Because we use only strictly necessary cookies, no cookie consent banner is required under the ePrivacy Directive (Directive 2002/58/EC, as amended). You can configure your browser to refuse cookies, but doing so will prevent you from using the Service, as authentication requires session cookies.

The Service is not directed at, and is not intended for use by, children under the age of 18 (or the age of legal majority in their jurisdiction, whichever is greater). We do not knowingly collect personal data from children.

If we become aware that we have collected personal data from a child without appropriate parental or guardian consent, we will take steps to delete that data promptly. If you believe that a child has provided us with personal data, please contact us at privacy@totalrecall.chat.

Your primary account data, conversations, memories, and structured content are stored on servers located in Germany within the European Economic Area (EEA). This data does not leave the EEA for storage purposes.

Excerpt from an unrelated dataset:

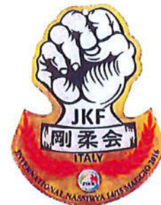
ESEMPIO DI PERSONALIZZAZIONE TAGLIO E STAMPA

However, data may be transferred outside the EEA in the following circumstances:

• AI providers:when you send a message, conversation context is transmitted to the AI provider you have selected (e.g., OpenAI, Anthropic, or Google). These providers may process data in the United States or other jurisdictions. This transfer is initiated by your choice of provider and use of your own API key. The relevant provider’s data processing terms apply.
• Cloudflare R2:uploaded files stored in Cloudflare R2 may be replicated to data centres outside the EEA as part of Cloudflare’s global infrastructure. Cloudflare maintains appropriate data transfer mechanisms, including Standard Contractual Clauses.
• Twilio:if you enable SMS reminders via your own Twilio account, message data is processed by Twilio, which may transfer data internationally. Twilio’s data processing addendum and transfer mechanisms apply.

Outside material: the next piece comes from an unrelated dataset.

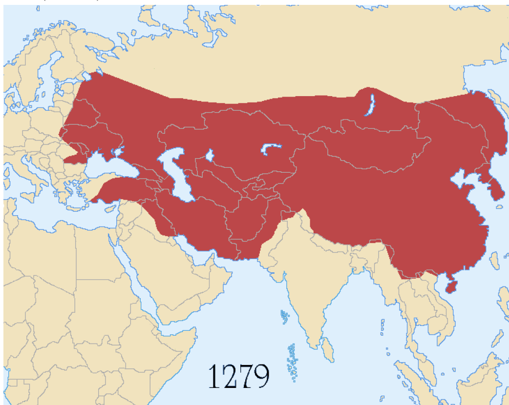
2-rasm. Mog‘ullar davrida Xitoy va Afg‘oniston hududlari

Xitoyda Tang sulolasining kelishi bilan, Afg‘oniston hududlariga bo‘lgan da‘volar kuchayib bordi. Tang sulolasi imperatorlari esa ushbu jarayonni harbiy yo‘l bilan amalga oshirish uchun yetarlicha kuch qudratga ega edilar. 659-yilda Sog‘d, Farg‘ona, Toshkent, Samarqand, Balx, Hirot va Kobul kabi shaharlar Xitoyning Gaozong pretektorati tarkibiga kirgan. Bu vaziyatda sosoniylarning arablar tomonidan mag‘lubiyatga uchratilganligi Xitoyga ustunlik bergan degan xulosaga kelishimiz mumkin. Mo‘g‘ullar davrida esa barcha hududlar yagona imperiya ostida birlashdi. (2-rasm)

Where data is transferred outside the EEA or the UK, we ensure that appropriate safeguards are in place, such as Standard Contractual Clauses (for EU GDPR), the UK International Data Transfer Agreement (for UK GDPR), or an adequacy decision by the European Commission or the UK Secretary of State, as applicable.

We retain your personal data for as long as necessary to fulfil the purposes described in this policy:

• Account data: retained for as long as your account is active. If you delete your account, your data is removed from active systems within 30 days.
• Conversations, memories, notes, and files: retained for as long as your account is active, unless you delete them individually. Deleted items are removed from active systems promptly and from backups within 90 days.
• Usage metrics: retained in aggregate, anonymised form indefinitely for service improvement purposes. Individual usage records are deleted when your account is deleted.
• Security logs: server access logs containing IP addresses and request metadata are retained for up to 90 days for security monitoring purposes and then automatically purged.
• Backups: encrypted database backups may retain residual copies of deleted data for up to 90 days before being overwritten through the normal backup rotation cycle.

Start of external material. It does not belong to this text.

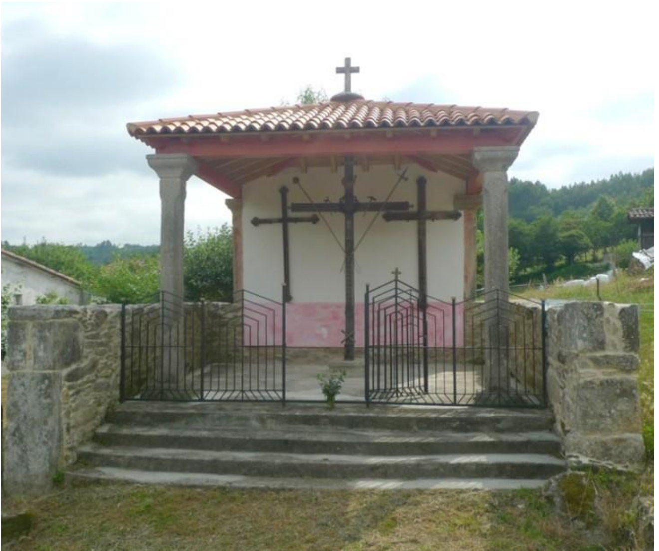
FOTO Nº1. ORATORIO DA SANTA CRUZ. PARROQUIA DE SAN BREIXO
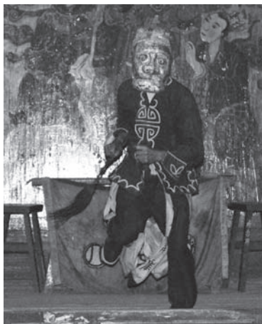
▲図版 31 跳魁星

29)。そして西王母の誕生日にこれを献上して長寿をことほぐ。西王母，東王公の見守るなかで，前日と同様，八仙が現れる（図版 30）。そして跳魁星（図版 31），加冠進禄の慶祝の演戯がくり返される。村人にとって，こうした祝福の演劇はくり返しみるべきものようである。

We may retain certain data for longer periods where required by law (for example, to comply with tax, legal, or regulatory obligations) or to establish, exercise, or defend legal claims.

We may update this Privacy Policy from time to time to reflect changes in our practices, the Service, or applicable laws. When we make material changes, we will notify you by email or by posting a prominent notice within the Service at least 14 days before the changes take effect.

The “Last updated” date at the top of this page will be revised to reflect the date of the most recent changes. We encourage you to review this policy periodically.

Your continued use of the Service after the effective date of any changes constitutes your acceptance of the updated policy. If you do not agree with the changes, you should stop using the Service and delete your account.

If you have any questions about this Privacy Policy, wish to exercise your data protection rights, or have a complaint about how we handle your personal data, please contact us:

You also have the right to lodge a complaint with the Information Commissioner’s Office (ICO) in the UK at ico.org.uk, or with your local data protection authority if you are located in the EU.